Stirling Macedonia Football Club (formerly West Perth Macedonia, Stirling Lions) is an Australian soccer club based in Perth, Western Australia, who will be competing in 2023 in the National Premier Leagues Western Australia.

History

Stirling Macedonia Soccer Club evolved with the history of the Macedonian Australian community of Western Australia. The Club has been through a number of name changes and directions in its forty-year history. They were known as West Perth Macedonia in the 1970s and early 1980s, winning the League Title in its third year of State League.

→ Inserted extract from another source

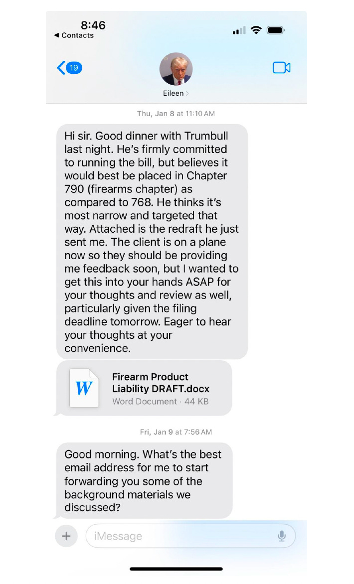 Another text message obtained by Seeking Rents — sent by Eileen Stuart, a lobbyist for Sig Sauer, to Duggan, the House bill sponsor — shows that Sig Sauer representatives dined with Trumbull shortly before the session began. The lobbyist described the future Senate president as “firmly committed” to the legislation.

In 1986, the club changed its name to Stirling Macedonia with a move to Macedonia Park. That year, the Club represented the Soccer Federation of Western Australia against Adelaide City in the NANDA Cup in front of a crowd of approximately 5,000 people. During the 1980s and 1990s they were one of the most powerful soccer clubs in Western Australia, winning six league premierships. These included the 1983, 1984 and 1985 three-peat, as well as victories in 1987, 1994 and 1995. 

In 1999, the club changed their name to the Stirling Lions Soccer Club as a result of the National Club Identity Policy, which forced references to ethnicities to be removed from club names. 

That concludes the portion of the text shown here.